1.État des lieux : Quand la réalité ne colle pas au
discours
« Tu travailles comme la machine qui
est devant moi, il faut pas arrêter,
il faut pas tourner la tête, il faut pas
faire ceci . . .
Ce travail m'a détruit moralement, c'est
vrai. »[2]
-Feirouz, biologiste originaire de l’Afrique du Nord
travaillant maintenant dans une manufacture
La province québécoise s’est
dotée de la mission, par certaines mesures législatives ou stratégies
politiques, de promouvoir la pleine intégration des nouveaux arrivants et
favorise les migrantes et les migrants hautement qualifiés dans les processus
de sélection. Or, la réalité ne colle pas au discours et la déqualification des
diplômes s’opère presque systématiquement. En effet, on enregistre un taux de déqualification
des diplômes de 31% chez la population immigrante[3]

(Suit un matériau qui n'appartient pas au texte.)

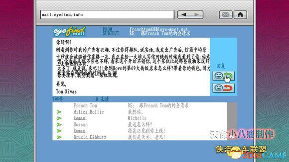由于是分段任务,所以中间有很长一段可以自由行动的时间,随便干些什么,最简单的就是回安全屋睡觉。然后Roman会发来一个提醒去网吧看看的短消息,之后就可以再次来到网吧,查看自己的邮件,发现目标人物已经发来了邮件,回复这封邮件以后,就会有约会时间安排。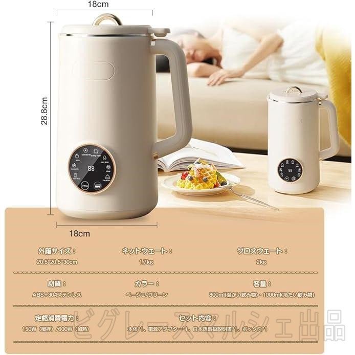 0.8L/1L大容量:出来立ての豆乳で良質なタンパク質と食物繊維を摂取でき、新鮮な大豆や野菜など具材に熱を加えて攪拌まで全自動で調理してくれるので、約28分で本格的な豆乳、ポタージュが作れます。容量は800ml(温かい飲み物)・1000ml(冷たい飲み物)で一度に軽めの3~5人分は作れます。

qui va se redigirer vers des emplois
précaires ce qui peut augmenter leur vulnérabilité économique tout en
alimentant une vision raciste de l’immigrant.e qui est en cantoné dans un rôle
de citoyen.ne de seconde classe.
Cependant, bien que plusieurs se résoudent à occuper
des emplois qui ne sont pas forcément en lien avec leur domaine d’étude,
certains immigrant.es qualifi.ées parviennent toutefois à faire valoir leurs
acquis scolaires et à obtenir une équivalence de diplôme ou du moins, à accéder
à des formations universitaires. Encore à ce niveau, plusieurs problématiques
persistent. Tel que rapporté par Myrlande Pierre, « beaucoup d’employeurs
jugent les immigré.es d’après la couleur
de leur peau et entretiennent des préjugés sur leurs habitudes de travail (…)

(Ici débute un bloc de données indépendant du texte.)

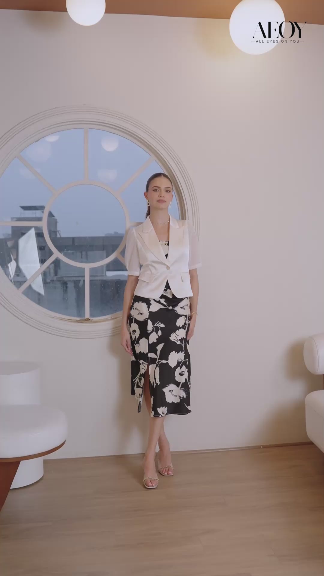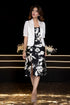 Chic meets timeless in this black-and-ivory floral satin slit Dress with blazer set, this midi dress features a striking black-and-ivory floral print that makes a bold yet elegant statement. Perfect for office parties, cocktail evenings, or dinner dates, this set offers a polished look with a hint of drama. The monochrome floral print adds depth, while the lightweight satin fabric gives you that elegant, effortless flow. Your ideal desk-to-dinner outfit or event-ready partywear.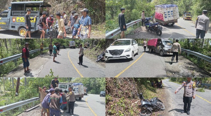 Polsek Nuhon Turun TKP Tabrakan di Tikungan Batu Hitam, Pemotor Dirawat Intensif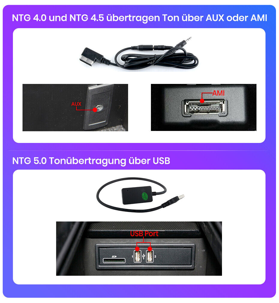 - Built-in Bluetooth 5, unterstützt ebenfalls Original Bluetooth des Fahrzeuges.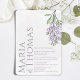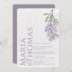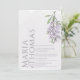 This design features an elegant, modern wedding invitation with a calligraphy, floral, flowers wedding invitation, with a lilac, lavender, and purple wildflower, with a minimalist, watercolor flower plant

leurs compétences sont souvent remises en question par certains employeurs et
certains collègues et ce, même lorsqu’elles occupent un emploi pour lequel ils
sont surqualifiés »[4]. Il est également important de mentionner que la
reconnaissance difficile, tant au Québec qu’au Canada, des diplômes obtenus à
l’étranger s’explique par les procédures complexes qui y sont associées. En
effet, la démarche est extrêmement longue et couteuse, « manque de
transparence [5]»
et, dans plusieurs cas, n’est tout simplement pas accessible pour certains en
raison, notamment, de certaines stratégies familiales ou situations économiques.
Par ailleurs, les ententes
passées entre le gouvernement Couillard et les ordres professionnels ne
visaient pas à revoir les critères d’éligibilité mais bien de restructurer le
processus d’accompagnement ce qui soulève certaines intérrogations quant au
caractère très spécifique de la déqualification.

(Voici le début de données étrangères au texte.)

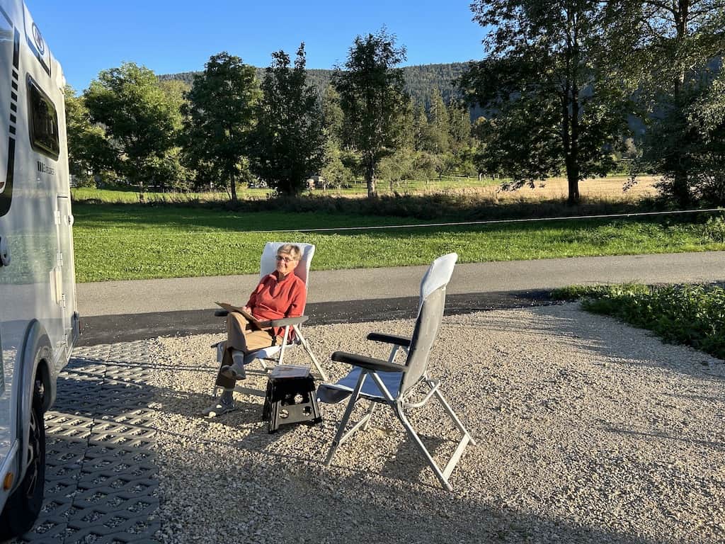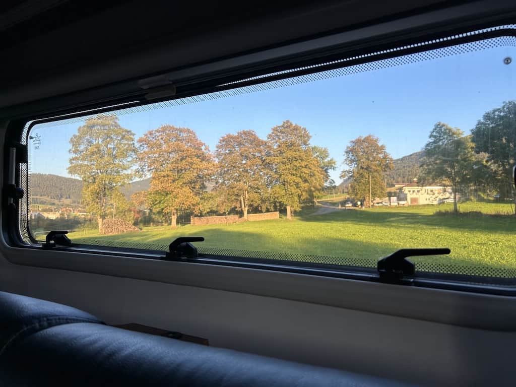 Den Rest des Tages verbringen wir in Ruhe auf dem Stellplatz. Als es im Freien zu kühl wird, verziehen wir uns in den Mobi und geniessen von da die traumhafte herbstliche Landschaft in der Abendsonne.

1.2 La déqualification au féminin : Quand le racisme et
le sexisme prennent le dessus
« Une femme immigrante qui se fait
professionnelle ici, c’est différent que lorsque tu arrives en 1975 avec un
diplôme, comme celui de médecin, obtenu dans un pays qualifié de sous-développé
ou du Tiers-monde. […] C’est comme avoir un titre maudit. »[6]
-Elsa,
médecin dans son pays d’origine en Amérique latine
De plus, comme
la plupart des grands maux qui affectent l’humanité, la déqualification des
diplômes étrangers ainsi que l’exclusion de la population immigrante au Québec de
certains types d’emplois affectent principalement les femmes immigrantes en
raison des inégalités socio-culturelles de genre qui persistent au Québec ainsi
que des trajectoires intersectionnelles. Dans la région de Montréal, on
enregistre, chez les immigrantes issues d’une minorité visible récemment
arrivée en sol canadien, un taux de déqualification des diplômes universitaires
de 44%, alors que chez les homologues masculins le taux est nettement inférieur,
soit de 28%[7].
De plus, selon une étude menée par
Marie-Thérèse Chica, près de 29% des femmes immigrantes issues d’une minorité
visible arrivées au pays depuis moins de cinq ans vivent sous le seuil de la
pauvreté[8]
et on enregistre un taux de chômage de près de 12% chez ces dernières alors que
chez les femmes « natives » il n’est que de 5,3%[9].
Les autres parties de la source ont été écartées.